For some applications, it's easier to access structural information in a simple columnar data structure. The ColumnarStructure class represents most data as atom-based numpy arrays. For high performance, it's best to use numpy operations whenever possible. This tutorial shows how to use boolean indexing to extract C-alpha coordinates from the datastructure.
from pyspark.sql import SparkSession
from mmtfPyspark.io import mmtfReader
from mmtfPyspark.utils import traverseStructureHierarchy, ColumnarStructure
from mmtfPyspark import structureViewer
import numpy as np
from scipy.spatial.distance import pdist, squareform
import matplotlib.pyplot as plt
spark = SparkSession.builder.appName("2-ColumnarStructure").getOrCreate()
Here we download an HIV protease structure with a bound ligand (Nelfinavir).
pdb = mmtfReader.download_full_mmtf_files(["1OHR"])
Structures are represented as keyword-value pairs (tuples):
In this case, we only have one structure, so we can use the first() method to extract the data.
structure = pdb.values().first()
Here we convert an MMTF structure to a columnar structure.
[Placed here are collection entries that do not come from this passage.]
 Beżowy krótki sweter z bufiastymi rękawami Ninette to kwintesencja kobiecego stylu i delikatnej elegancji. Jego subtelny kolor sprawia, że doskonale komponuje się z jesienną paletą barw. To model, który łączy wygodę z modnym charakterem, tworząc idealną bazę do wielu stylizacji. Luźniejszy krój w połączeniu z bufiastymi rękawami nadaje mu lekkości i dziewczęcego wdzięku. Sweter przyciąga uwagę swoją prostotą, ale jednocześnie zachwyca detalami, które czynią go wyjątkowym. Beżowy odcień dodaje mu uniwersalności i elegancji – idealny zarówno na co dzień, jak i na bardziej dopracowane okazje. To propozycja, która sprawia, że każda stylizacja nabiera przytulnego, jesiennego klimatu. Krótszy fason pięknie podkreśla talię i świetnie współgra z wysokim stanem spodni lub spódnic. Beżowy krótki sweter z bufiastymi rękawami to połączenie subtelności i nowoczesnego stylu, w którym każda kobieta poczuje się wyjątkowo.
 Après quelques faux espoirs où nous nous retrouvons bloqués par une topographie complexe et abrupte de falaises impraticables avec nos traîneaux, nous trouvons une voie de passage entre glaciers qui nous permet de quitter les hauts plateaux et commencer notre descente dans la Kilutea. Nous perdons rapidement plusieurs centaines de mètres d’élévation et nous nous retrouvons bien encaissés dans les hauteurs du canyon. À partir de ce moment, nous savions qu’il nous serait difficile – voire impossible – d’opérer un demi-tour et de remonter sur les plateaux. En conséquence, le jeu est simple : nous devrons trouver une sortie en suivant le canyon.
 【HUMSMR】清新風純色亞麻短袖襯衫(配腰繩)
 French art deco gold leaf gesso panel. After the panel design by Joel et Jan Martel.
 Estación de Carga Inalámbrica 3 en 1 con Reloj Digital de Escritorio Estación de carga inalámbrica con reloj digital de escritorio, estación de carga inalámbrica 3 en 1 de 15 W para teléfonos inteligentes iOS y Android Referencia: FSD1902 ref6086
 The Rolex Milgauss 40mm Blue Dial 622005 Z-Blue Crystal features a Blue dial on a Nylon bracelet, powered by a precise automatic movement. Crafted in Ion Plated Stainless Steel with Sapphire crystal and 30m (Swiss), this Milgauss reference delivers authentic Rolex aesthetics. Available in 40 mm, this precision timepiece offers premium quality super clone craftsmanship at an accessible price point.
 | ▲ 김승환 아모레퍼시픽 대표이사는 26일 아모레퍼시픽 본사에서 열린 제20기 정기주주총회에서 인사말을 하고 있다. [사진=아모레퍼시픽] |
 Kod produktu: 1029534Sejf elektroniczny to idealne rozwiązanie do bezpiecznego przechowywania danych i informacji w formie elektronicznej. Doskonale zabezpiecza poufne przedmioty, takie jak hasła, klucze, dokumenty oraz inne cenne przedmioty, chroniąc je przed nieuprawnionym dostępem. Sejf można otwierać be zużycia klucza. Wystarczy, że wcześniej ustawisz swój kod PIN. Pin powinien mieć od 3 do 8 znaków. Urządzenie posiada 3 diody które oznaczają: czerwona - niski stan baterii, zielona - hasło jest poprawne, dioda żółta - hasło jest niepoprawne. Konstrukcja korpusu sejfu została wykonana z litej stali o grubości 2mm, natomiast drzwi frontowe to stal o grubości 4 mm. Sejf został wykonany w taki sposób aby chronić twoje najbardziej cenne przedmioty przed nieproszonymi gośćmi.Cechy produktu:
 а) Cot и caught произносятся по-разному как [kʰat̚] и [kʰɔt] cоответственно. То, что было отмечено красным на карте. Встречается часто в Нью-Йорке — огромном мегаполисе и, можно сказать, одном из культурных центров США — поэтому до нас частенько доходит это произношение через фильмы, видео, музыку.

By specifying the firstModel flag, we only retrieve data for the first model (this structure has only one model, anyways).
arrays = ColumnarStructure(structure, firstModelOnly=True)
x = arrays.get_x_coords()
y = arrays.get_y_coords()
z = arrays.get_z_coords()
type(z)
numpy.ndarray
Entity types can be used to distinguish polymer from non-polymer groups and select specific components, e.g., all protein groups. The following entity types are available:
entity_types = arrays.get_entity_types()
entity_types
array(['PRO', 'PRO', 'PRO', ..., 'WAT', 'WAT', 'WAT'], dtype=object)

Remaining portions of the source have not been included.